Plummeting sales compounded by declining revenues

By Durrant Pate
Jamaica’s leading supplier of food and beverages to the hospitality sector, Caribbean Producers Jamaica (CPJ) Ltd, has detailed the financial hemorrhaging from the COVID-19 pandemic that has seen both sales and revenue plummet.
Performance in the first six months of its 2020 financial year saw CPJ Group recording strong sales of US$59.47 million and profitability of US$0.62 million. The company was on track to deliver a robust financial performance for the fiscal year ending June 2020, but things went downhill with the onset of COVID-19, resulting in the unexpected shutdown of hotels both onshore and offshore.
As the largest supplier of food and beverages to the hotel sector, CPJ was severely impacted. In its just released 2020 annual report, the company says sales plummeted from the month of March 2020 and continued to be adversely affected until the end of the fiscal year in June 2020.
This has severely impacted the third quarter and fourth quarter sales and profitability, which happened to be its most profitable period.
Plummeting sales in third and fourth quarters
As a result, sales in Q4 of the fiscal year 2020 were US$5.78 million, down 79 per cent compared to Q4 of the last fiscal year, 2019. Group sales for the entire fiscal year were US$91.70 million, down 16 per cent compared to the same period in 2019 and 26 per cent less than expected revenue.

The loss in revenue for this period was observed both in onshore and offshore operations. Earnings before interest, taxes, and amortisation (EBITA), which is a measure of company profitability used by investors for the first six months of the current fiscal year, 2020, had improved significantly over the same period of the prior year, 2019. The EBITA increased from US$1.64 million to US$3.32 million.
With the impact of COVID-19, CPJ’s EBITDA for the current fiscal year recorded a decrease of US$1.9 million when compared to the prior fiscal year, 2019. This resulted in a reported net loss of US$4.35 million.
Gross operating revenue less favourable
Gross operating revenue decreased by 2.55 per cent from US$94.10 million in 2016 to US$91.70 million in fiscal year 2020. The gross operating revenue reflects a 16.34 per cent decrease for the year, which was less favourable than the previous year’s growth of 1.69 per cent.
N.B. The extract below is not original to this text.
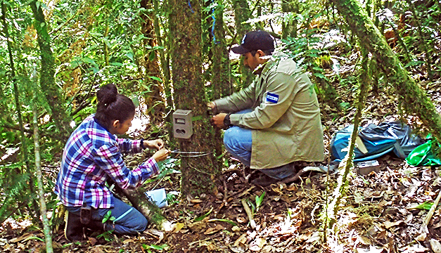 Andrea Morales y un guardabosques montando una cámara de vida salvaje en El Salvador. Foto: Parque Nacional Montecristo.

The impact of COVID-19 resulted in a negative compound annual growth rate (CAGR) for the period 2016 to 2020 of 0.52 per cent. The directors report that the company “was on track to deliver a robust financial performance for the fiscal year. However the pandemic in March 2020, had a major impact on global economic activities, especially on the travel and tourism sector, resulting in official travel bans and restrictions, and a reduced appetite for business and leisure travel”.
IT initiatives to drive growth in 2021
The directors outlined a number of strategic business transformation initiatives such as a series of new information technology initiatives to be rolled out in the new fiscal year, the desired outcome of which is to strengthen its technology platform for further growth and to achieve operational efficiencies. They noted that “the slowdown in the sales activity due to the ongoing pandemic has assisted the company in a smooth implementation of the new IT initiatives, as it reduced the risk of technological related errors towards the fulfillment of its customers’ obligations”.

The new IT initiatives will methodically and systematically upgrade key software tools and processes necessary to run an efficient supply chain business. Aggressive debt management coupled with inventory containment resulted in a decrease in current assets by US$12.82 million and, accordingly, total assets also decreased by US$14.91million.
“We are optimistic a solution to the virus will be available soon and restore confidence in travel in the usual busy tourist season from December 2020 to March 2021 and beyond,”
Caribbean Producers Jamaica Ltd
Prudent creditors and cash flow management resulted in decrease in total liabilities by US$10.02 million over the last fiscal year. Also, CPJ continued to demonstrate sound treasury management during these turbulent times. The lower-than-usual business activity arising from COVID-19 has contributed to a reduction in total assets and total liabilities.
Outlook for 2021
With the easing of the travel restrictions and bans beginning June 2020, CPJ reports that it has seen some increased demand for products and services in the first few months of the fiscal year 2021.
“We are optimistic a solution to the virus will be available soon and restore confidence in travel in the usual busy tourist season from December 2020 to March 2021 and beyond,” the CPJ advised shareholders.
They say the company is prepared for what is certain to be a full recovery of the travel industry while extending gratitude to its vendors, suppliers, customers, employees, bondholders and shareholders for their continued support in these difficult times.